Think of all the poors sods who don't want to be financial advisers but who have been in the industry for decades but don't have a degree. I know of high level techos who can't move or change employers to better themselves as they don't have a "recognised degree" as nobody knows what it is.

So, all this education for Financial Planner is aimed at making us all Ethical - like a lawyer.
Been a while since I can remember a Financial Planner causing client this much financial loss (see SMH article above).

The FASEA document is signed by two people, one a FP and from what I can tell they have no degree or masters qualifications. So the Board of FASEA contains an adviser, advising and governing on these important matters, signing off on key documents, who doesn't understand or who hasn't experienced academic study ( other than DFP) themselves. Happy to stand corrected but that is how it appears.

I love FASEA's disclaimer - I don't believe Dover went this fare.
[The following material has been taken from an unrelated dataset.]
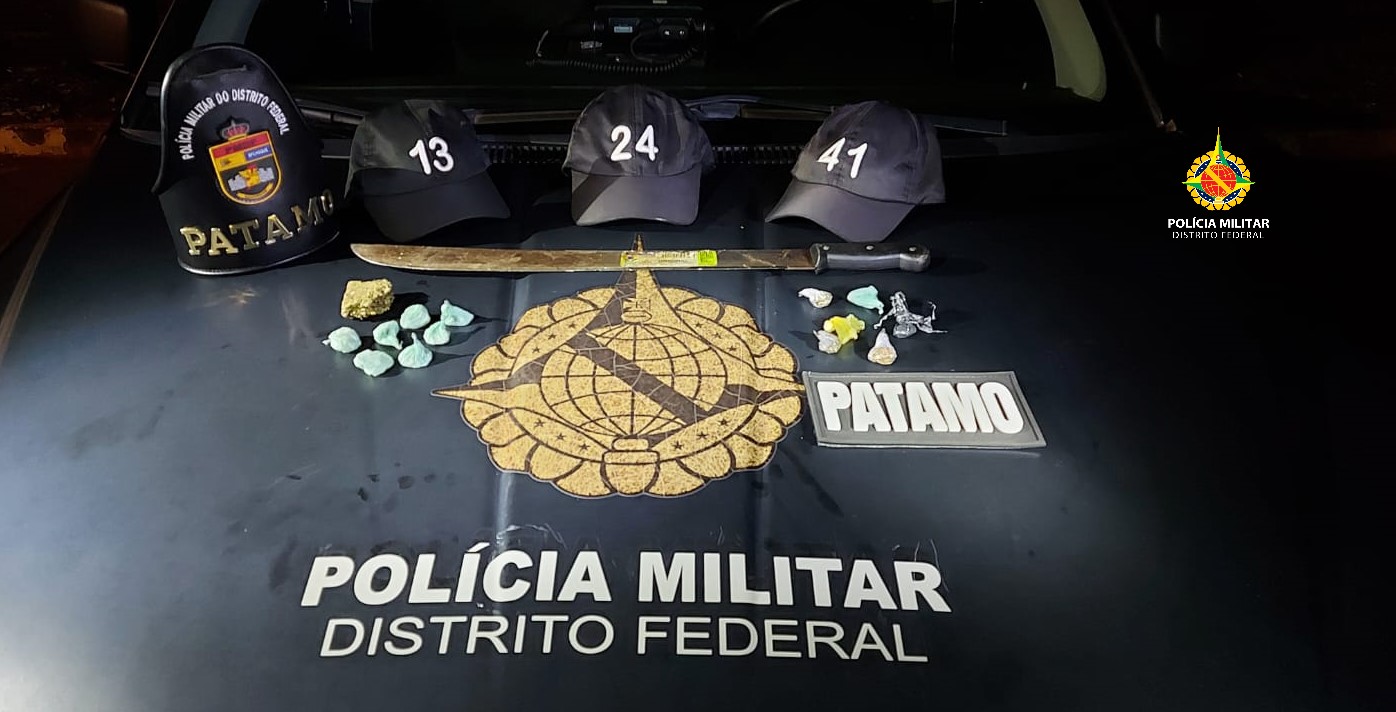 Policiais militares prenderam um homem portando drogas e um facção nesta sexta-feira (27), por volta das 21h, no Recanto das Emas.

Real ethical stuff from FASEA.
Disclaimer and copyright.
While FASEA endeavours to ensure the quality of
this publication, it does not accept any responsibility
for the accuracy, completeness or currency of the
material included in this publication and will not be
liable for any loss or damage arising out of any use
of, or reliance on, this publication.
© Financial Adviser Standards and Ethics Authority
Source FASEA PF001 Education Pathways Policy January 2019.